Simon Denny
“Mine”
New York, 456 West 18th Street
Focused on the interconnections between data mining, mineral mining, and the mechanization of labor, Mine brings together a collection of recent works including several large cardboard sculptures imitating giant automated mining machines; a series of wall-mounted paper reliefs and printed vitrines; and a new Augmented Reality sculpture based on a 2019 patent drawing filed by Amazon.com for a delivery worker replacement drone. Denny’s artwork raises questions about the effects of further automation on the limited jobs still left in increasingly mechanized sectors such as mining, service, and logistics. What happens as the labor force shrinks in these traditional industries? How will individuals and worker communities dialogue with those in power in the future? Where will the leverage they once brought now come from?
Amazon’s drone design contains a hot air balloon, recalling the speculative balloon-based flying machine epoch of defining technological developments such as hot air balloons, air ships, or Zeppelins, that have become symbols of both achievement and caution in centuries past. Denny's new sculpture projects an animated AR model of a revolving, rocky, mineral-rich, planet Earth onto the drone’s balloon bulge. This vision of Earth-as-resource is borrowed from the advertising materials of one of Amazon’s most prominent data services clients: the multinational mining group Rio Tinto. Spinning inside the body of the Zeppelin drone, the “Earth-rock” transforms Amazon's worker-replacement model into a raw terrestrial globe, without oceans or other representations of life.

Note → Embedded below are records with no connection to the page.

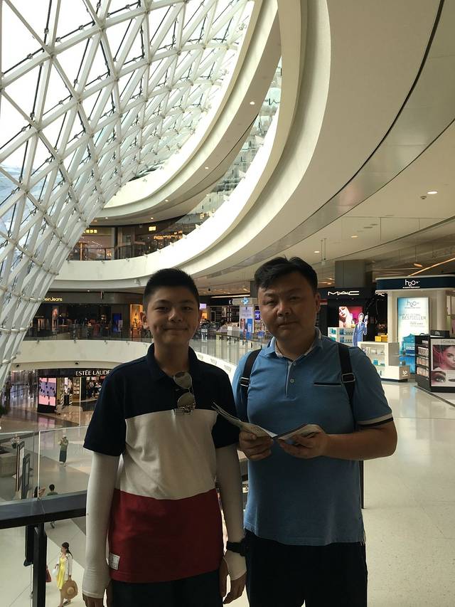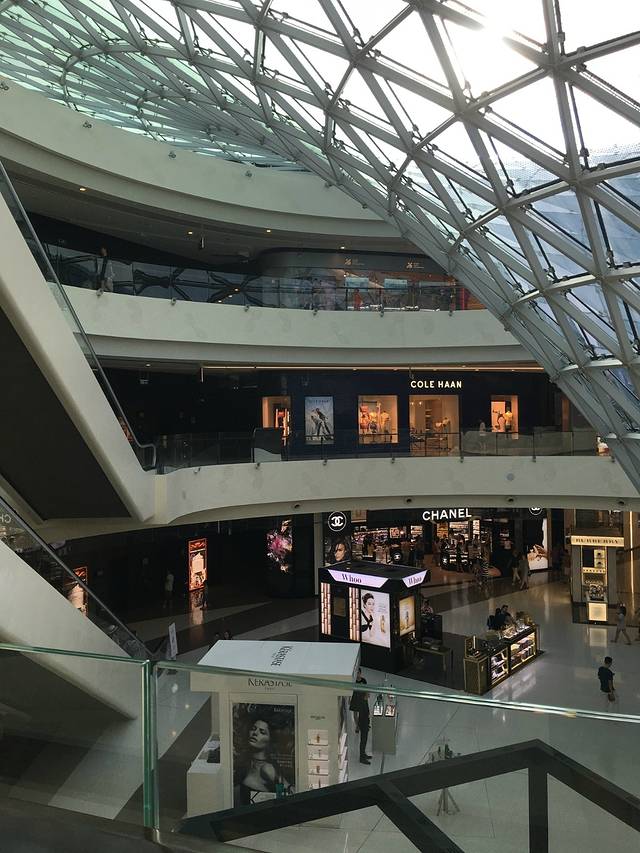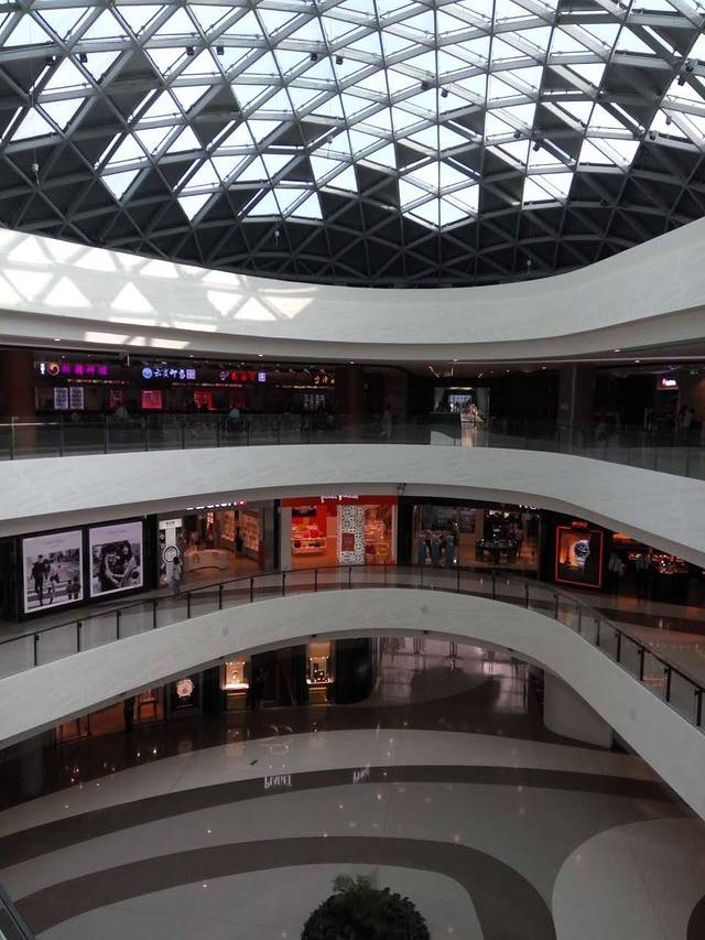 下午坐了酒店的免费接送车,到了传说中的免税店,外形大气独特,就象一朵绽开的海棠花。这里汇集了众多国际顶级奢侈品牌,集免税购物、餐饮娱乐、文化展示多种业态于一体。营业面积达70000平方米,汇聚了近300个国际知名品牌,涵盖了服装、服饰、箱包、香水、化妆品、手表、太阳镜、小皮件等。到了这里,猫大、猫二眼睛都发绿了,直奔自己钟意的化妆品牌。猫大去了韩国的雪花秀,猫二则去了法国的兰蔻。而我们四个苦逼的人,只能四处逛逛,看看手表店,贵得让人怀疑人生,便宜地又看不上。周围名品荟萃,雍容典雅,富丽堂皇,到处是高端大气上档次。对于象我们这样低调简约有内涵的人来说,就是少许忐忑、少许羡慕、带着淡定、带着悠闲,以看秀的心情闲逛着,指点江山,挥斥方遒,反正就是不买东西。直到我们走到了美食那层楼,小胖发现了必胜客,气氛点燃,兴致盎然,终于有了感兴趣的东西,你们逛你们的奢华,我们尝我们的美味。你们追求的是一种经典的生活品质,一种执着的生活态度;我们则强调一种淡然,一种休闲,以及对美味的尊重。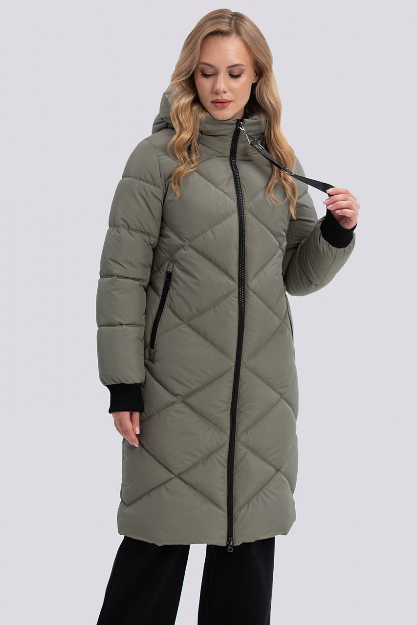 Зимний пуховик для женщин – это идеальное сочетание тепла, комфорта и стиля для холодных дней. Изготовленный на синтепухе с дополнительным слоем термофина, он обеспечивает надежную защиту от мороза, сохраняя при этом легкость и свободу движений. Подкладка из мягкого, приятного к телу материала добавляет комфорта при ношении. Этот пуховик среднего объема имеет классический силуэт, который хорошо сочетается с различными стилями одежды. Втачной рукав обеспечивает удобную посадку по плечам и свободу движений. Трикотажная манжета черного цвета по низу рукава плотно прилегает к запястью, предотвращая проникновение холодного воздуха. Застежка-молния по переду пуховика обеспечивает удобство и быстроту надевания и снятия. Карманы на молнии позволяют безопасно хранить необходимые мелочи, такие как телефон, ключи или перчатки. Уютный капюшон защитит от ветра и снега, а также добавит образу завершенности. Декоративные строчки в виде ромбов придают пуховику оригинальный и стильный вид, делая его не просто функциональной вещью, но и модным элементом гардероба. Этот пуховик станет незаменимым спутником в зимние месяцы, обеспечивая тепло и комфорт даже в самую суровую погоду. Утеплитель синтепух, плотность 250 г/м + термофин 60г/м. серый хаки
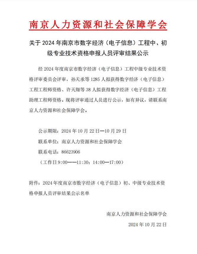 关于2024年南京市数字经济(电子信息)工程中、初级专业技术资格申报人员评审结果公示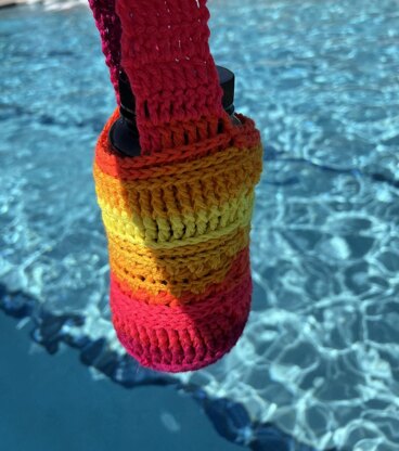 This is the perfect little bag to carry your water bottle around a little more easily while you're out and about on a hot day. I used a 4mm hook for a regular sized 32oz water bottle, and it was a perfectly snug fit. However, this pattern is easily adaptable. If you want a looser fit so that you can stash a snack or your license in it, upsize to a 5mm. If you have a more slender bottle, you can downsize the hook.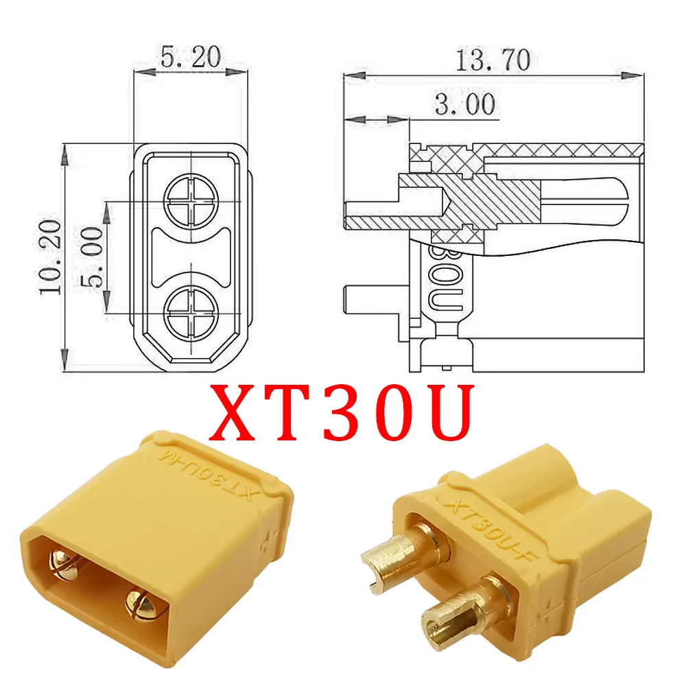 Название продукта: штепсельная вилка XT30Цвет: желтыйПол: мужской, женскийМатериал корпуса: медьМатериал корпуса: PAТип: разъем XT30XT30 мужской размер: 13x10x5 мм (Д * Ш * В)XT30 женский размер: 13x10x3,8 мм (Д * Ш * В)Температурное сопротивление: -20 °C - 120 °CРекомендуемый калибр провода: 16awg,20AWG силиконовый провод.Полуоткрытый конец, легче для сварки.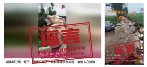 真相:近日,部分网络自媒体账号发布含有“荆门某地因连续下雨,导致养猪场被淹”以及“当地人捡猪”等内容的视频。经核查,该视频实为部分账号采用“移花接木”“拼接画面”等造谣方式,翻炒2021年某地区养猪场的旧闻,并非发生于湖北省荆门市。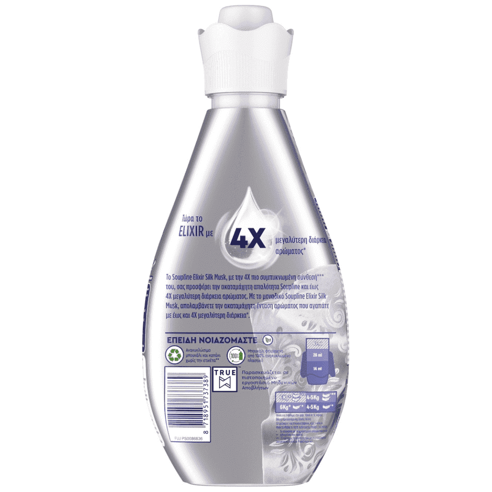 Το Soupline Elixir Silk Musk περιέχει υψηλή συγκέντρωση αρώματος, ώστε να απολαμβάνετε την ακαταμάχητη ένταση του αρώματος που αγαπάτε, χαρίζοντας εξαιρετική απαλότητα στα ρούχα σας. Το μοναδικό άρωμα Soupline Silk Musk Elixir περιέχει 2 φορές περισσότερο άρωμα που διαρκεί έως και 60 ημέρες.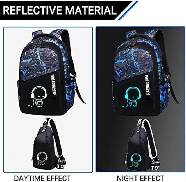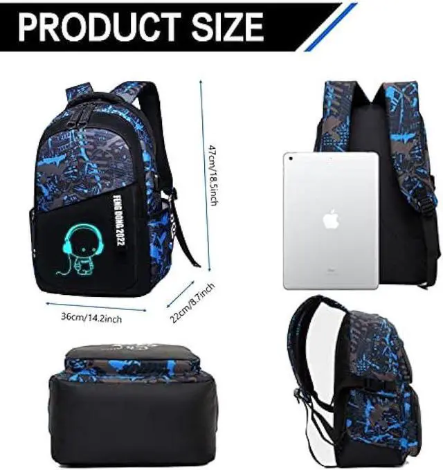 Oxford material Luminous backpacks with High quality oxford fabric water repellent fabric; does not fade, odorless, environmentally friendly and healthy. this can protect your inner things from drizzling. Suitable as a for daily use and when traveling, Christmas presents, birthday presents, etc. Our, womens, men. Multifunctional for,, outdoor, sports, camping, hiking excursion, travel.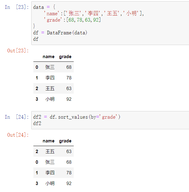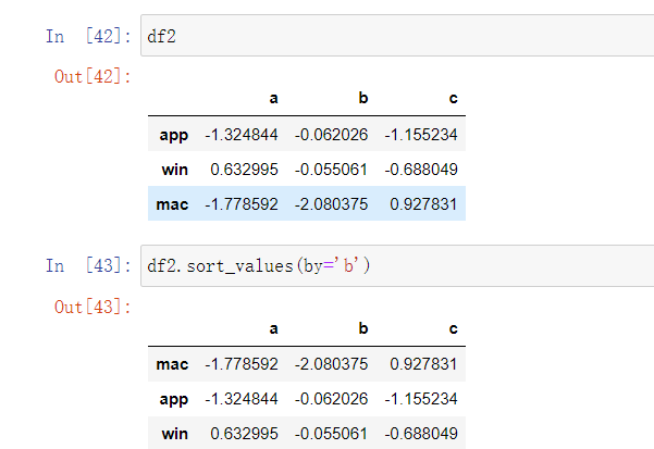 对于DataFrame数据而言,通过指定轴方向,使用sort_index函数可对行或列索引进行排序(添加参数axis=1/0)。要根据列进行 排序,可以通过sort_values函数,把列名传给by参数即可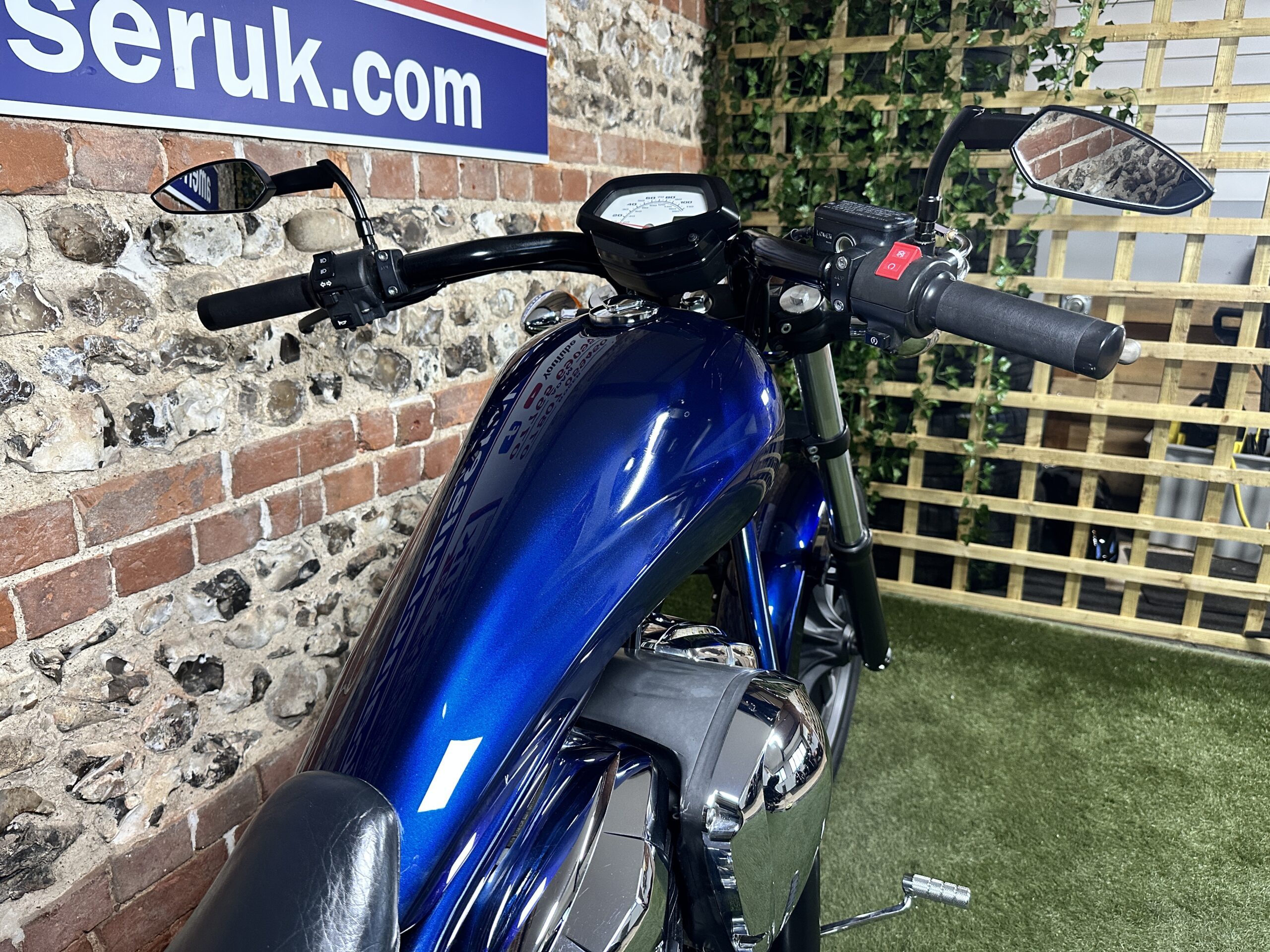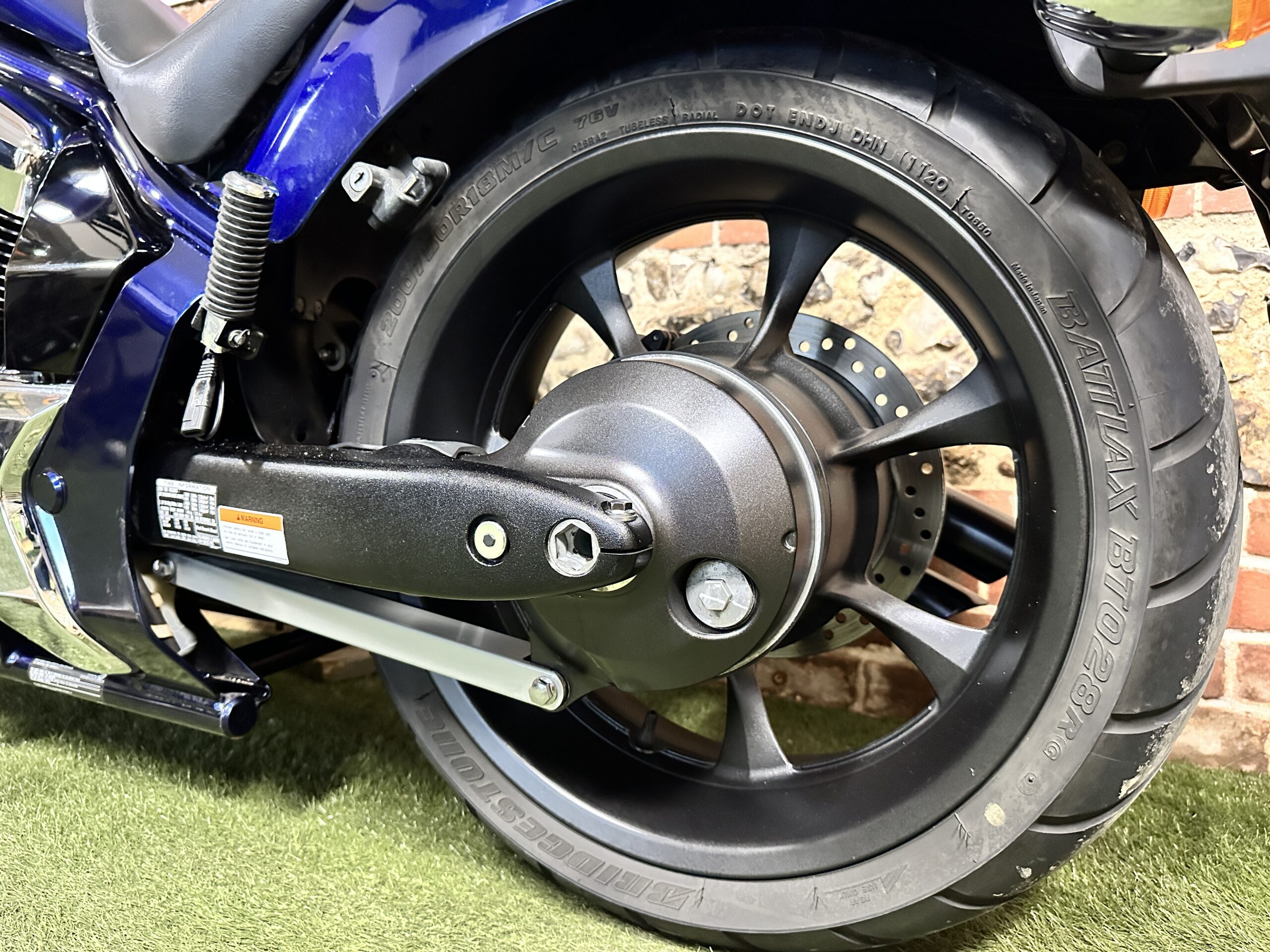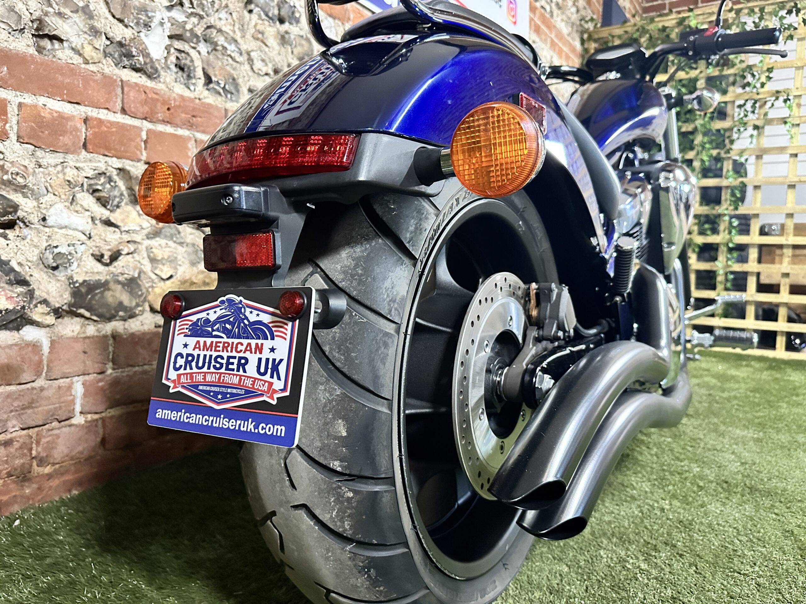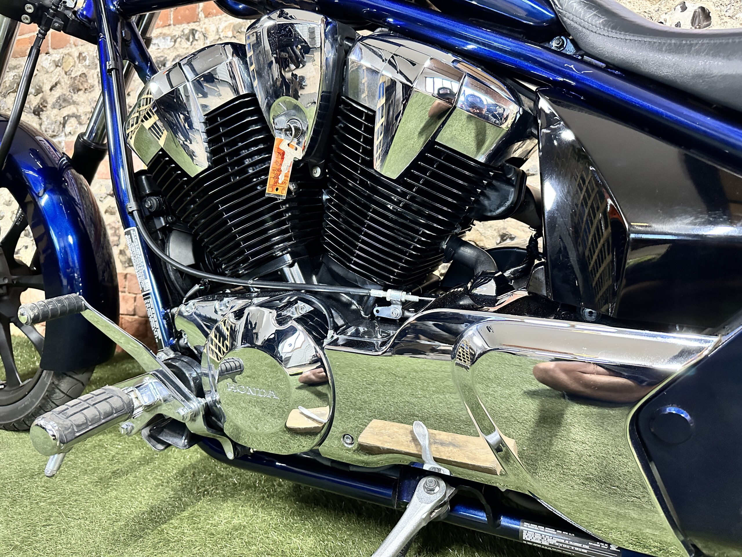 This bike is a true gem. A one-owner machine imported from Florida, it’s in immaculate condition with only 12,888 miles on the clock. Finished in a stunning deep metallic blue, the paintwork looks spectacular in the sunlight. The blacked-out engine, wheels, forks, and exhaust add a modern, aggressive twist to the design, setting it apart from earlier chrome-heavy versions.

Embedded in the exhibition is Extractor, a playable board game that also functions as a take-home catalogue. Players collect data in the form of tokens, which they must stack on plastic-molded racks and place in cloud services to monetize what they have mined and thus win the game. The hybrid sculptures-cum-display units presenting the boxed games mirror the dynamics of the monopolistic platform businesses that control much of our internet infrastructure.
Denny’s Mine reflects not only upon the near future, but also on the conditions of the present—unearthing real designs for machines that confront us with our own sublime and troubling counterparts. The work continues an artistic tradition of interpreting technological production as keys to understanding our environment and the forces that impact it.